HuH 7 cells were incubated for 12 h with gliotoxin and were subsequently treated for 12 h with 50 ng/ml of TNF-alpha . Apoptosis of hepatoma cells was quantified by using the cell death detection ELISA. The results of the control-treated cells were set to 1, and changes in DNA fragmentation as measured with different gliotoxin concentrations used in these experiments are shown as multiples of activation (Fig. 2A). Gliotoxin sensitized hepatoma cells against TNF-alpha -induced apoptosis, whereas only a moderate increase in DNA fragmentation was found when the cells were treated with the fungal metabolite alone.

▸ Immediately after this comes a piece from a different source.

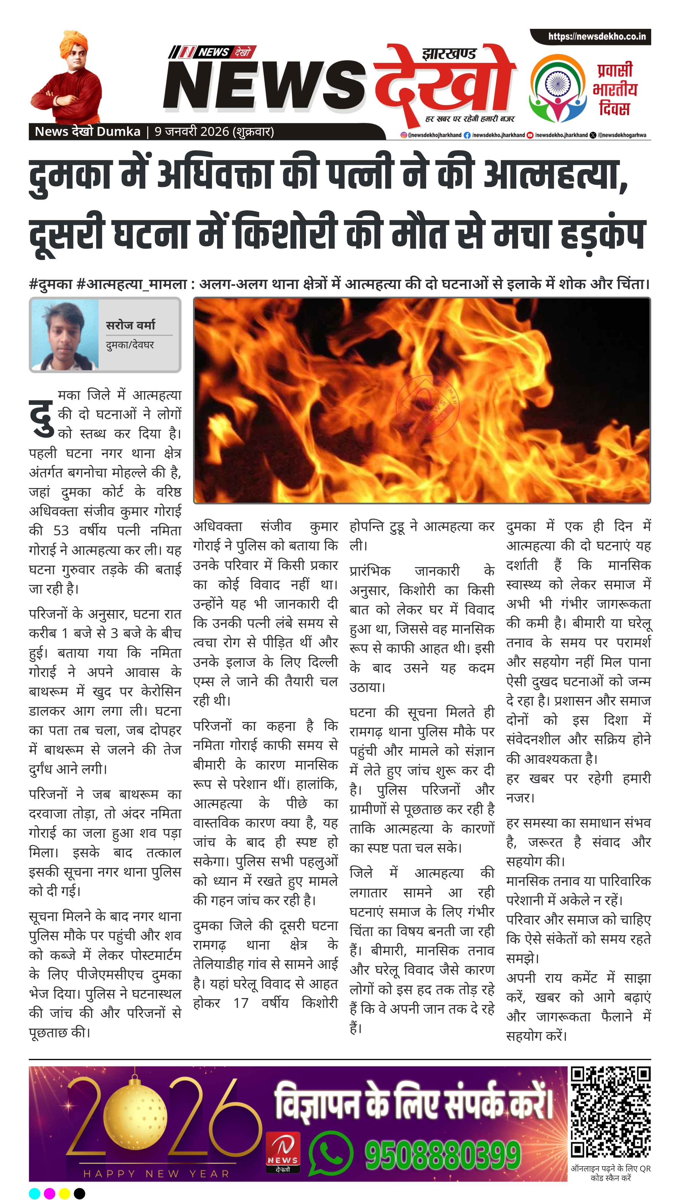 दुमका में एक ही दिन में आत्महत्या की दो घटनाएं यह दर्शाती हैं कि मानसिक स्वास्थ्य को लेकर समाज में अभी भी गंभीर जागरूकता की कमी है। बीमारी या घरेलू तनाव के समय पर परामर्श और सहयोग नहीं मिल पाना ऐसी दुखद घटनाओं को जन्म दे रहा है। प्रशासन और समाज दोनों को इस दिशा में संवेदनशील और सक्रिय होने की आवश्यकता है।

To test the direct effect of gliotoxin on inhibiting DNA binding of NF-kappa B, gel shift experiments were performed. Gliotoxin inhibited the TNF-alpha -induced nuclear translocation and DNA binding of NF-kappa B in Hep G2 cells in a dose-dependent manner (Fig. 2B). Super-shift experiments with anti-p50 and anti-p65 antibodies indicated that both proteins are present in the complexes appearing after TNF-alpha treatment (Fig. 2C).

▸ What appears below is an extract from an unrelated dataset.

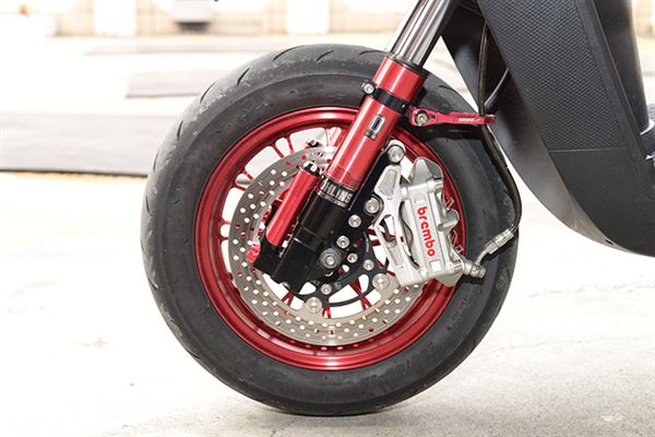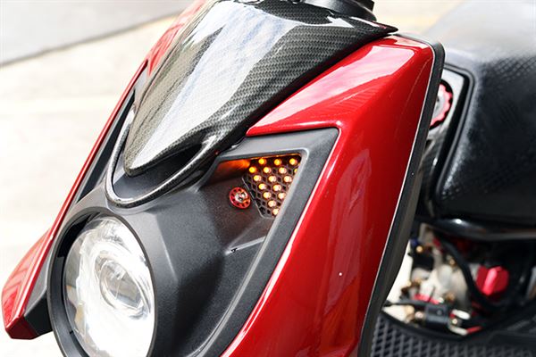 中部地區BW’S玩家族群眾多,從越野滑胎風、低調風到渦輪動力爆改都大有人在,不過這次要替大家介紹的是非常奢華風格的改裝方式。此車是小編在一中街頭直擊攔截採訪的,車主除了很和藹友善之餘也對改車風格非常有想法。車子從配色到改裝精品的選擇都相當講究,輪框方面,選用了輕量化與操控性極佳的鯊魚鍛造輪框,讓車子本體的戰鬥感與質感都大大的昇級。制動部分則是選用了BREMBO對四卡鉗與狂熱者碟盤,除了安全性十足外也有著頂級的氣息。細部修飾部分車主也是絲毫不馬虎,除了卡夢鬼面罩與卡夢前土除的安裝,還幫愛車更換了全車的POSH白鐵螺絲,讓愛車不論是近看還是遠望都是一等一的頂級藝術品。

The molecular mechanism by which gliotoxin inhibits the activation of NF-kappa B remains unknown. Earlier reports showed that the phosphorylation of its cytoplasmic inhibitor I-kappa B is unaffected by gliotoxin (30). To examine the effect of gliotoxin on I-kappa B, we performed Western blot analysis with cytoplasmic extracts of TNF-alpha -stimulated Hep G2 cells (Fig. 2D). Without stimulation, I-kappa B is detectable in the cytoplasm of the cells. A 10-min treatment with 20 ng/ml TNF-alpha leads to degradation of the NF-kappa B inhibitor. Pretreatment of Hep G2 cells with 1 µg/ml gliotoxin abolishes the degradation of I-kappa B (Fig. 2D). We speculated that gliotoxin might interact with the ubiquitination of the I-kappa B protein and might act as an nonspecific ubiquitination inhibitor. To investigate this possibility, we overexpressed p21 (waf 1), p27 (kip 1), and cyclin E to determine whether the ubiquitination of these proteins might be affected by gliotoxin. Western blot analysis showed that none of these proteins accumulated after treatment with gliotoxin, nor were ubiquitinated higher molecular forms of these proteins detectable (data not shown).

Gliotoxin specifically interferes with TNF-alpha -mediated NF-kappa B activity. Because gliotoxin had a profound effect in inhibiting NF-kappa B activation and thus sensitizing hepatoma cells against TNF-alpha -induced apoptosis, we were interested in assessing the specificity of this regulation.

Hep G2 cells were transfected with a NF-kappa B-dependent reporter gene construct (3 × kappa B-Luc) and stimulated with 50 ng/ml TNF-alpha for 6 h, a period in which signs of apoptosis were not yet present (Fig. 3A). An incubation with different doses of gliotoxin 30 min before incubation with TNF-alpha leads to strong decrease of luciferase activity. Gliotoxin (1 µg/ml) reduces NF-kappa B-dependent luciferase activity nearly to the level of untreated control cells. In contrast to the decrease in luciferase activity, no changes in the activity of the beta -galactosidase control reporter were found.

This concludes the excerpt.